The connections between the colonial occupiers of the Norfolk Plains and New Norfolk ran deep: both groups were sent to these places on the closure of the first penal settlement on Norfolk Island and these people would all have known each other. They were almost all originally convicts or jailers who were former members of the NSW (‘Rum’) Corps, and the culture of the penal system ran deep in them, their families and their descendants. Granted land on the country of Aboriginal First Nations, they were thereby turned into an occupying force, defending, enclosing and forever changing the nature of what they henceforth saw as their land. They were quickly joined by various ‘free settlers’ who also arrived in both areas, some already extremely wealthy, others finding ways to enrich themselves in colonial society, many taking up and enclosing further massive land holdings on Indigenous country.

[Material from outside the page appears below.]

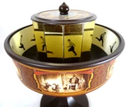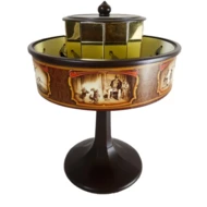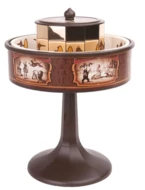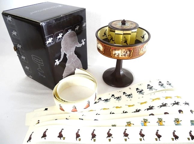 Praksinoskop H64 - mini, Urządzenie w formie bębna obrotowego, w którym znajduje się taśma z grafiką, co umożliwia widzenie ruchomego obrazu. Wynaleziony w 1877 roku przez francuskiego wynalazcę i pioniera techniki filmowej Émile'a Reynauda, był jednym z pierwszych przyrządów do pokazów kinematograficznych. Takie kino XIX wieku. Wspaniałe urządzenie edukacyjne pokazujące w jaki sposób ludzkość stopniowo dochodziła do stworzenia filmu. Wymiary wys. 19,5cm, śr. 14,2cm. 20 pasków emisyjnych czyli 20 "filmików" w komplecie. Pod tym linkiem film pokazujący sposób w jaki funkcjonuje praksinoskop: https://www.youtube.com/watch?v=ujaEqLrKAXE

‘Crime Scene’ is an investigation of murder and violence on the Norfolk Plains, each of the four short films taking a particular incident to examine from its own unique angle: the shooting and attempted murder of Indigenous woman Dalrymple Briggs by Jacob Mountgarrett in 1825, the murder of Joseph Edward Wilson by John McKay & John Lamb in 1837, the violent murder of Ellen Moriarty near the Railway Inn in Longford in 1867, and the alleged murder of Captain Thomas Hammant by George Cox in 1832. There are also family connections between some of these stories and some of the artists.
Drawing on case files and other research, the four short films composing ‘Past Due’ focuses on the fates of four women sent to the Asylum from the Norfolk Plains and the life stories that led them there. Even white women in colonial culture were often victims of sorts, not so much always of individual crimes but rather of norms and expectations of a social and cultural colonial world that – in different ways and to different degrees - marginalised and often criminalised those it made into its others: Indigenous people, women, children, and people deemed to be ‘insane’. The Asylum was in some ways an extension of the penal system, an instance of the colonial crime scene. Inmates were held apart from and sometimes out of sight of family and community until they were released, or died. Treatment of inmates varied according to the prevailing wisdom of the day and the whims of those in charge at any given time. Nevertheless, women in colonial times could be highly resistant and resilient to a violent patriarchal culture, and of necessity, invented their own often ingenious ways either to survive in it or to escape from it in whatever ways they could.
A further room presents works in a variety of different object-based media, all responding to aspects of colonial culture and colonial violence, while the Mortuary Room evokes the daily world of life and death in the Asylum in sound.